- Born: 22 January 1930 Johannesburg
- Died: 5 December 2013 (aged 83) Hillcrest, KwaZulu-Natal, South Africa
- Education: St John's school
- Known for: South African Rally Champion 1964 & 1965; Philately;
- Board member of: Philatelic Federation of South Africa
- Spouse: Ethne Wakely-Smith
- Children: 3

= Rex Wakely Smith =

South African rally driver and philatelist (1930–2013)

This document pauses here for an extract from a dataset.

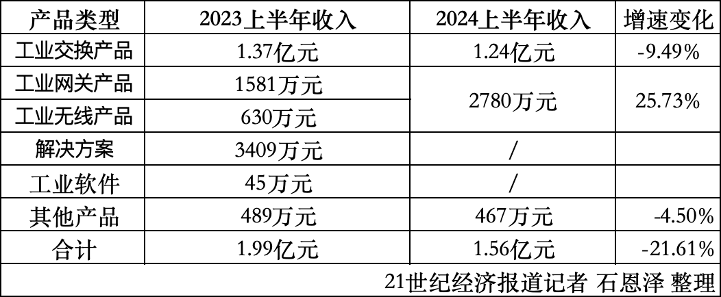 但在今年半年报中,三旺通信没有再单独列出解决方案的收入,并且产品结构由原先6项压缩至3项。2024半年报显示,三旺通信在工业交换产品、工业网关及无线产品、其他产品,分别实现营业收入1.24亿元、2780万元、467万元。综合计算下来,三旺通信在工业产品上收入下滑21.61%。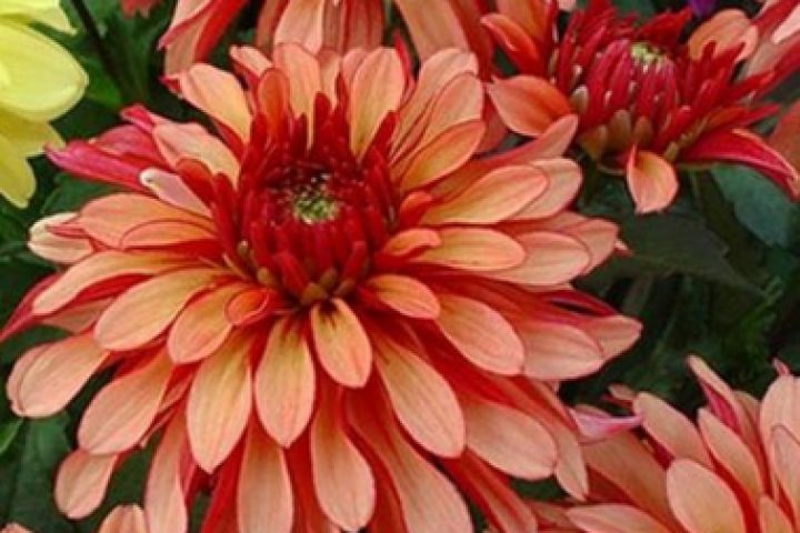 Георгины Арт Деко относится к бордюрному сорту, высота которой 50-60 см, но при этом имеет внушительного размера цветы, достигающие 10 см в диаметре. Элегантное сочетание насыщенных оттенков (лососевый, светло-оранжевый, розовый) создает оптическую иллюзию свечения, исходящего из центра цветка.

Sydney Rex Wakely-Smith (1930 - 5 December 2013) was a South African rally driver and philatelist. He was South African Rally Champion with Ewold van Bergen in 1964 and 1965. He was president of the Philatelic Federation of South Africa in 2004 and won medals for his collection of the philately of Mozambique.

==Early life and family==
Sydney Rex Wakely-Smith was born in Johannesburg in 1930. He was educated at St John's school. He married Ethne Denise Lambert in on 31 October 1953, when he was 23 years old. They were married for 60 years before he sadly passed in Hillcrest, South Africa at 83 years old. They had three children and many grandchildren and great grandchildren.

==Motor sport==
Wakely Smith was South African Rally Champion with Ewold van Bergen in 1964 and 1965.

He was awarded Springbok colours for motor sport.

==Philately==
Wakely Smith inherited an interest in philately from his mother. He was a member of the Philatelic Society of Natal and president of the Philatelic Federation of South Africa in 2004. He specialised in the philately of Mozambique and won a Large Gold medal in South Africa for his exhibit of that country as well as a Large Silver medal at the international stamp exhibition in Dubai.

Other hobbies included ornithology and conchology.

==Death==
Wakely Smith died on 5 December 2013.